As I mentioned, though, these are very different collections in other respects. Stream is an immutable data structure. For instance, you can print the contents of s2 as many times as you wish, and it will show the same output every time. On the other hand, Iterator is a mutable data structure. Once you used a value, that value will be forever gone. Print the contents of i2 twice, and it will be empty the second time around:
scala> s2 foreach println
1
5
25
scala> s2 foreach println
1
5
25
scala> i2 foreach println
1
5
25
scala> i2 foreach println
scala>
Stream, on the other hand, is a lazy collection. Once a value has been computed, it will stay computed, instead of being discarded or recomputed every time. See below one example of that behavior in action:
scala> val s2 = s1.takeWhile(_ < 100) // s2 is finite
s2: scala.collection.immutable.Stream[Int] = Stream(1, ?)
scala> println(s2)
Stream(1, ?)
scala> s2 foreach println
1
5
25
scala> println(s2)
Stream(1, 5, 25)
So Stream can actually fill up the memory if one is not careful, whereas Iterator occupies constant space. On the other hand, one can be surprised by Iterator, because of its side effects.
(1) As a matter of fact, Iterator is not a collection at all, even though it shares a lot of the methods provided by collections. On the other hand, from the problem description you gave, you are not really interested in having a collection of numbers, just in iterating through them.
(2) Actually, though takeWhile will create a new Iterator on Scala 2.8.0, this new iterator will still be linked to the old one, and changes in one have side effects on the other. This is subject to discussion, and they might end up being truly independent in the future.

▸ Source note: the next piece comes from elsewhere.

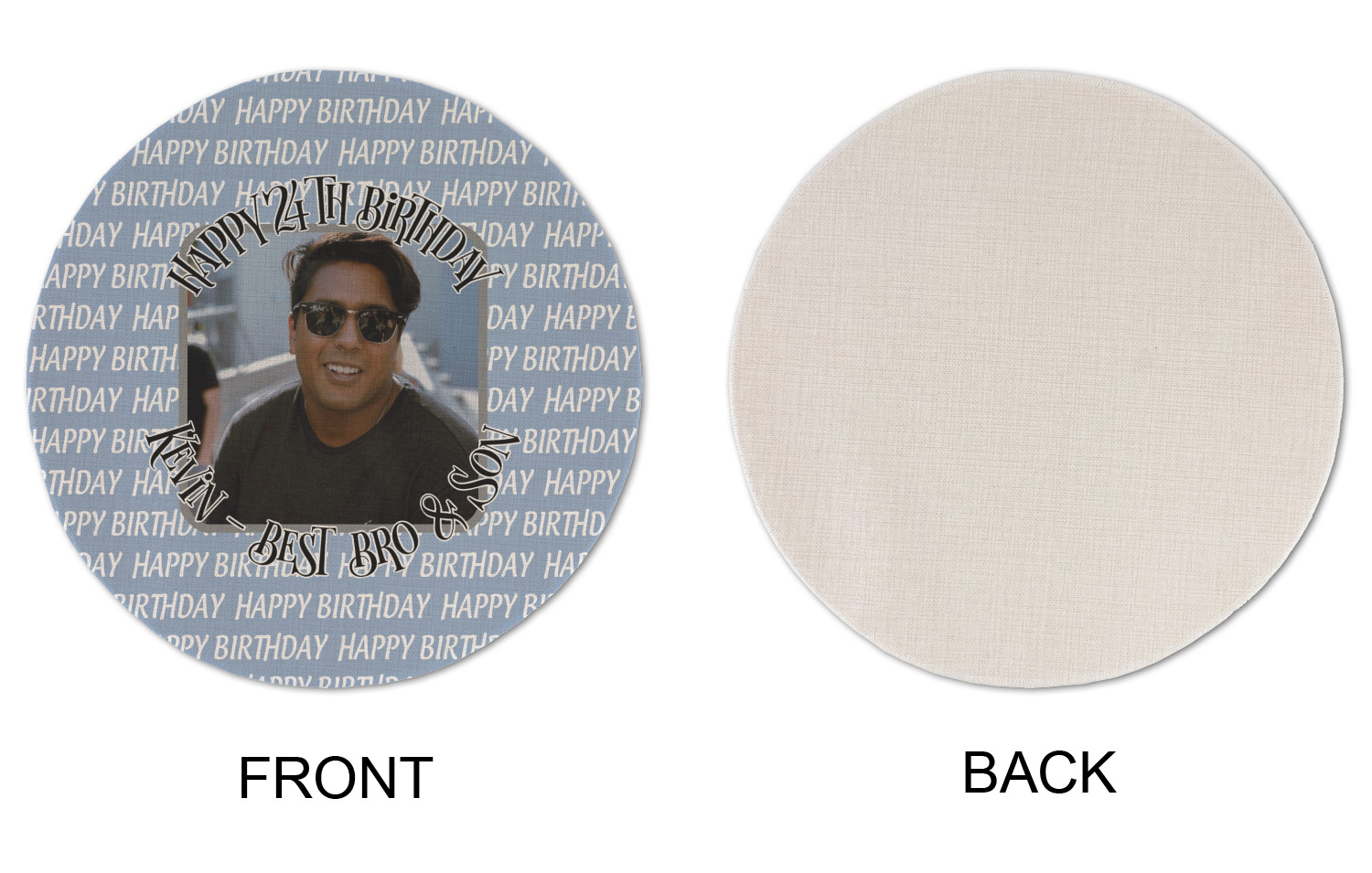 This design has a subtle background that says "Happy Birthday". You are able to upload your own picture of the birthday boy or girl right onto your design. The personalized text goes above and below your picture. This is a great design for pictures of you and the birthday boy/girl, so they can look at that cherished memory every day.

In a more functional style:
scala> Stream.iterate(1)(i => i * 5).takeWhile(i => i < 100).toList
res0: List[Int] = List(1, 5, 25)
And with more syntactic sugar:
scala> Stream.iterate(1)(_ * 5).takeWhile(_ < 100).toList
res1: List[Int] = List(1, 5, 25)
Maybe a simple while-loop would do?
var i=1;
while (i < 100)
{
println(i);
i*=5;
}
or if you want to also print the number of iterations
var i=1;
var j=1;
while (i < 100)
{
println(j + " : " + i);
i*=5;
j+=1;
}
it seems you guys likes functional so how about a recursive solution?
#tailrec def quints(n:Int): Unit = {
println(n);
if (n*5<100) quints(n*5);
}
Update: Thanks for spotting the error... it should of course be power, not multiply:
Annoyingly, there doesn't seem to be an integer pow function in the standard library!
Try this:
def pow5(i:Int) = math.pow(5,i).toInt
Iterator from 1 map pow5 takeWhile (100>=) toList
Or if you want to use it in-place:
Iterator from 1 map pow5 takeWhile (100>=) foreach {
j => println("number:" + j)
}
and with the indices:
val iter = Iterator from 1 map pow5 takeWhile (100>=)
iter.zipWithIndex foreach { case (j, i) => println(i + " = " + j) }
(0 to 2).map (math.pow (5, _).toInt).zipWithIndex
res25: scala.collection.immutable.IndexedSeq[(Int, Int)] = Vector((1,0), (5,1), (25,2))
produces a Vector, with i,j in reversed order.